Records for this exercise START

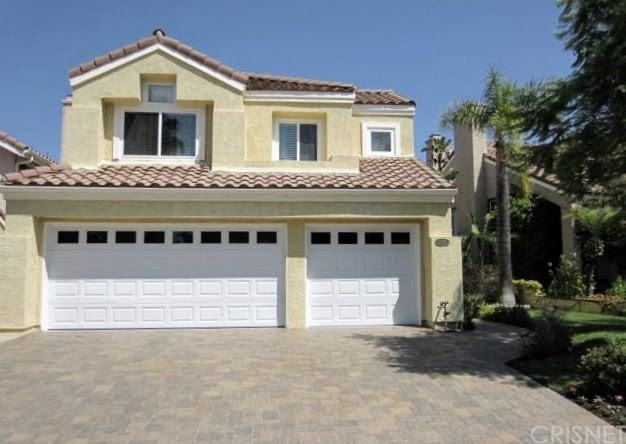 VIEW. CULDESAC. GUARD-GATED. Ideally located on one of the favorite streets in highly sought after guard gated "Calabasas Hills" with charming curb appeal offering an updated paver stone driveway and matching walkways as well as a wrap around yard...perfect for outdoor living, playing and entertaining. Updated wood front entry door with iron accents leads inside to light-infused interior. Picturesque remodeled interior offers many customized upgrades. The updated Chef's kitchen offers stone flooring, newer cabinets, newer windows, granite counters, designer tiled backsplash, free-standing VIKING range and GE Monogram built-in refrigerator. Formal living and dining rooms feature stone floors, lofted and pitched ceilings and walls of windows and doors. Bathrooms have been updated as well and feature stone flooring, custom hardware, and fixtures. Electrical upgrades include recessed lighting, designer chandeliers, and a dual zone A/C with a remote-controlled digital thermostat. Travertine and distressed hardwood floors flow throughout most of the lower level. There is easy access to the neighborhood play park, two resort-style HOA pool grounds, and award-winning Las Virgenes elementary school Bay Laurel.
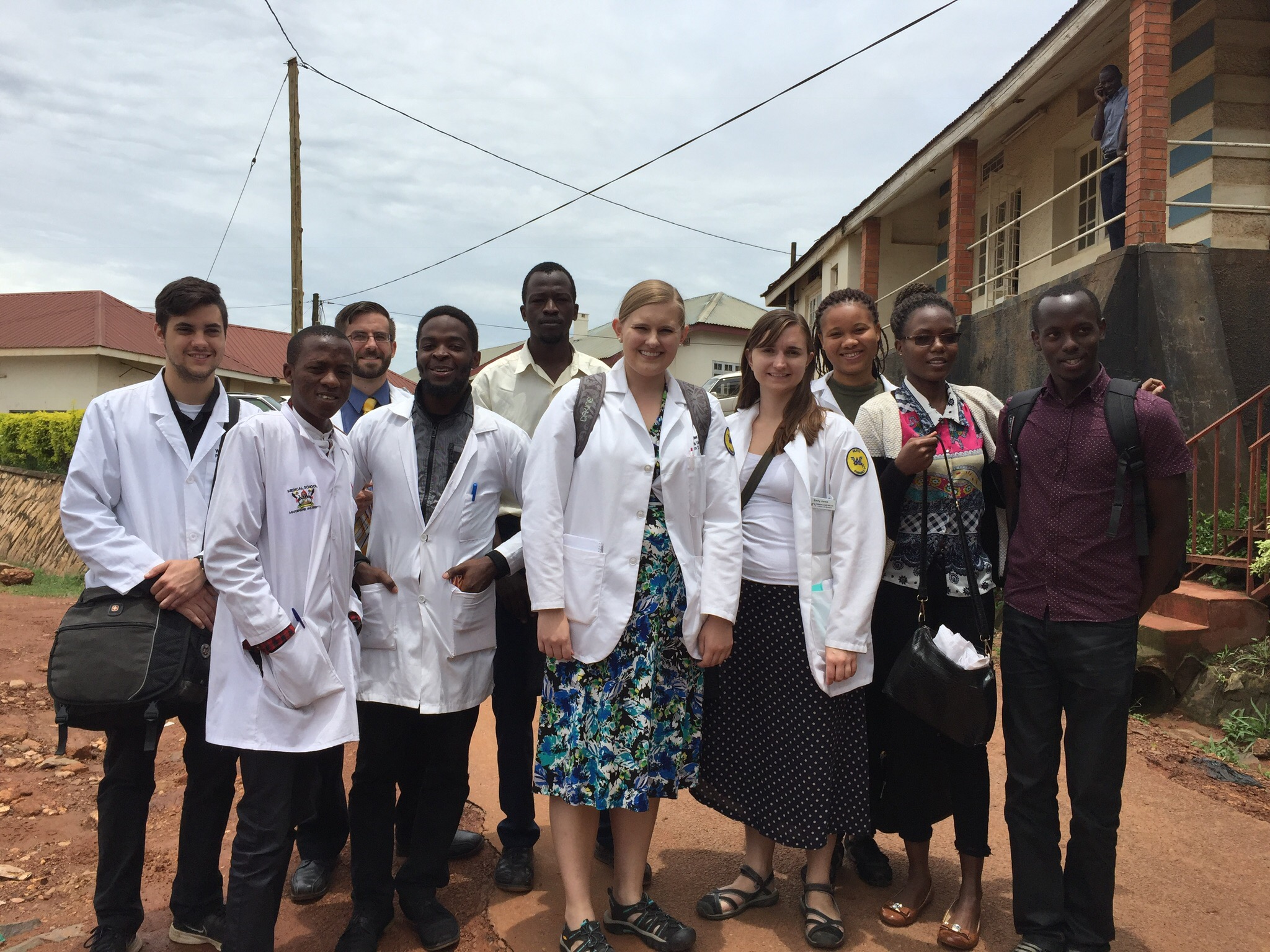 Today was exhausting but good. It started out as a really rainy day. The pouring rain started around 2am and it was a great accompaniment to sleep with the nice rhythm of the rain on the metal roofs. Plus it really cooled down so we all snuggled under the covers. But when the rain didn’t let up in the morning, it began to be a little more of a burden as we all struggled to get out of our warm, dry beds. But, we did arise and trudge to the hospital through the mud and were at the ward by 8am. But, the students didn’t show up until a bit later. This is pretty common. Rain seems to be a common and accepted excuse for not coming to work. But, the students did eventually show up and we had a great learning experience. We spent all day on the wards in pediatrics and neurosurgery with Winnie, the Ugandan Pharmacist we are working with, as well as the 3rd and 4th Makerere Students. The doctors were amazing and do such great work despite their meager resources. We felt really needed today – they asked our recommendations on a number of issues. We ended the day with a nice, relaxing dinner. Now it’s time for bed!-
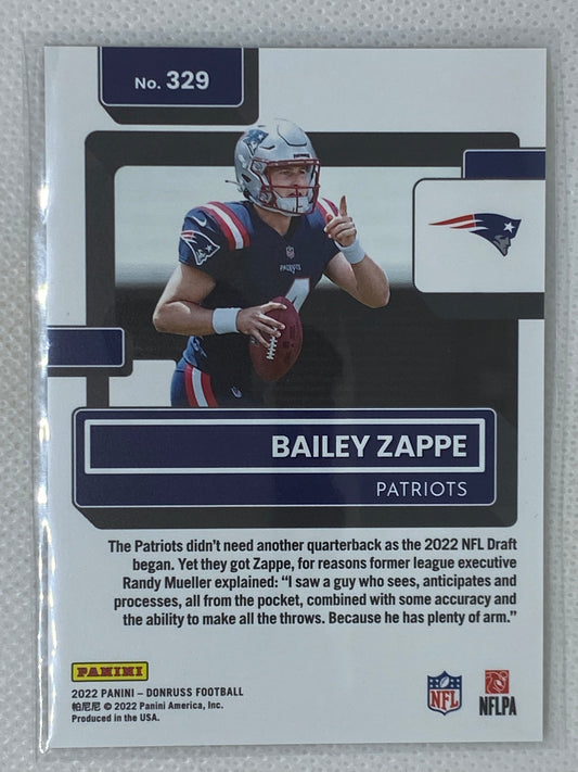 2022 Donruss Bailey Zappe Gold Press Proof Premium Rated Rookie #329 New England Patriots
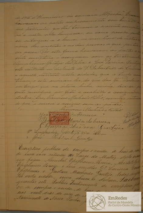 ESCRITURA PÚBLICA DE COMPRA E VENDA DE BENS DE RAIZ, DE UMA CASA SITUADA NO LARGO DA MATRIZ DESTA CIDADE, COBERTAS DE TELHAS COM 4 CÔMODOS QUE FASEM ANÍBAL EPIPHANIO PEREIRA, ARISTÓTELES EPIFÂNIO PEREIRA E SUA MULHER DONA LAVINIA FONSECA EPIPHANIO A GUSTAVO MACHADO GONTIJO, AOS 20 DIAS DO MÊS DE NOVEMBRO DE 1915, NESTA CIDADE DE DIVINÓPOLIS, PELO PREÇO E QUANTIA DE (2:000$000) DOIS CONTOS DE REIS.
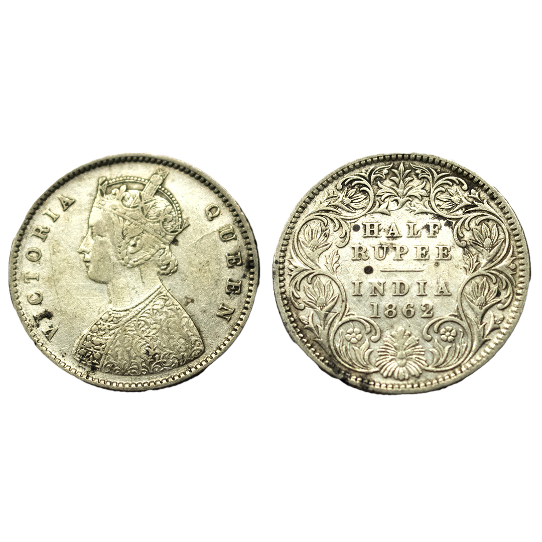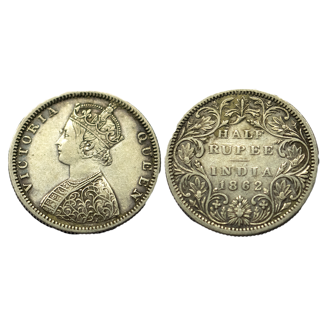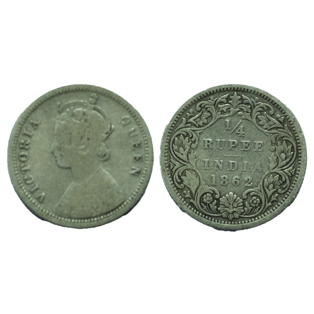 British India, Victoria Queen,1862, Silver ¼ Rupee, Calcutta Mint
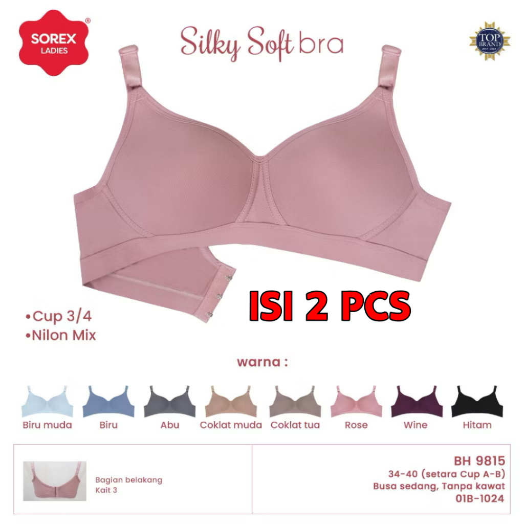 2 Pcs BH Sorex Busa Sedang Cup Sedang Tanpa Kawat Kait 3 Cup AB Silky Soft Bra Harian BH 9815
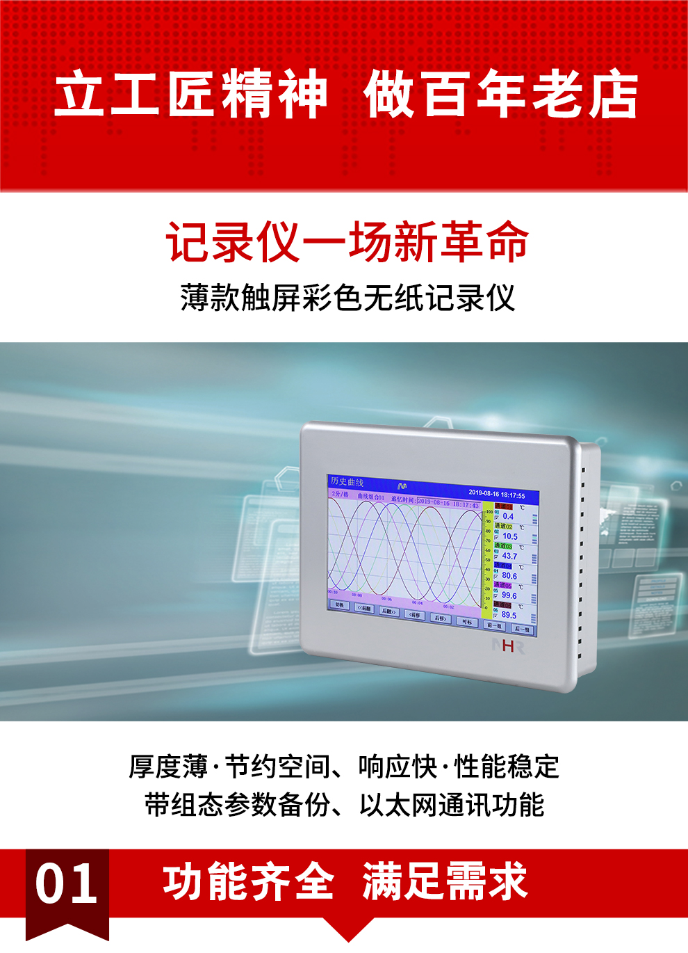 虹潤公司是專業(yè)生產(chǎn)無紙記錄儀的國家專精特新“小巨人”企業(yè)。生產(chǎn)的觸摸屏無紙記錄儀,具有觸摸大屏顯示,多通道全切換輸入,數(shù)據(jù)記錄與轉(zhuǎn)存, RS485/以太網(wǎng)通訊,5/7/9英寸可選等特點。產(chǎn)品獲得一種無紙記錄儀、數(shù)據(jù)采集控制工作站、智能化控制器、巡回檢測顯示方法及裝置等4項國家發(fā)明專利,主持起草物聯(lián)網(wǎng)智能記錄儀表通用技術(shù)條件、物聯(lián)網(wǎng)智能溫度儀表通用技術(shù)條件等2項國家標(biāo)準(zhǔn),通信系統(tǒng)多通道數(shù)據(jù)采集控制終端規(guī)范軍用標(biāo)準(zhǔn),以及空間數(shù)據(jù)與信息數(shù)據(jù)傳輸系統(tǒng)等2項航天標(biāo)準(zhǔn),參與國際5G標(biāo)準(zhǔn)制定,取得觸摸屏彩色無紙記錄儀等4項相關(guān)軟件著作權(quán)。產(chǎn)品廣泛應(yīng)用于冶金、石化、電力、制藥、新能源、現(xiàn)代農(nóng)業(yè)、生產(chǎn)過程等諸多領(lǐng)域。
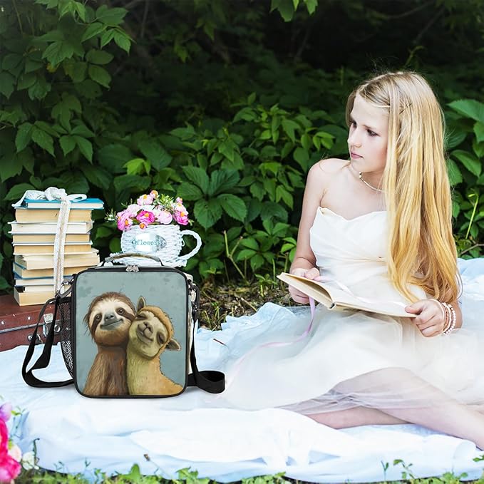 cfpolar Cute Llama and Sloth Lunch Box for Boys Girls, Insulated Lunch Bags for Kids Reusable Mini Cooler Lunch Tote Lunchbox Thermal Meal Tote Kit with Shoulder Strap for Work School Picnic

Records for this exercise END

Task prompt
Exclude the pictures, and output exactly the lines from the one with "2 Pcs BH Sorex" through the last line of the records, both included.

Response below
 2 Pcs BH Sorex Busa Sedang Cup Sedang Tanpa Kawat Kait 3 Cup AB Silky Soft Bra Harian BH 9815
 虹潤公司是專業(yè)生產(chǎn)無紙記錄儀的國家專精特新“小巨人”企業(yè)。生產(chǎn)的觸摸屏無紙記錄儀,具有觸摸大屏顯示,多通道全切換輸入,數(shù)據(jù)記錄與轉(zhuǎn)存, RS485/以太網(wǎng)通訊,5/7/9英寸可選等特點。產(chǎn)品獲得一種無紙記錄儀、數(shù)據(jù)采集控制工作站、智能化控制器、巡回檢測顯示方法及裝置等4項國家發(fā)明專利,主持起草物聯(lián)網(wǎng)智能記錄儀表通用技術(shù)條件、物聯(lián)網(wǎng)智能溫度儀表通用技術(shù)條件等2項國家標(biāo)準(zhǔn),通信系統(tǒng)多通道數(shù)據(jù)采集控制終端規(guī)范軍用標(biāo)準(zhǔn),以及空間數(shù)據(jù)與信息數(shù)據(jù)傳輸系統(tǒng)等2項航天標(biāo)準(zhǔn),參與國際5G標(biāo)準(zhǔn)制定,取得觸摸屏彩色無紙記錄儀等4項相關(guān)軟件著作權(quán)。產(chǎn)品廣泛應(yīng)用于冶金、石化、電力、制藥、新能源、現(xiàn)代農(nóng)業(yè)、生產(chǎn)過程等諸多領(lǐng)域。
 cfpolar Cute Llama and Sloth Lunch Box for Boys Girls, Insulated Lunch Bags for Kids Reusable Mini Cooler Lunch Tote Lunchbox Thermal Meal Tote Kit with Shoulder Strap for Work School Picnic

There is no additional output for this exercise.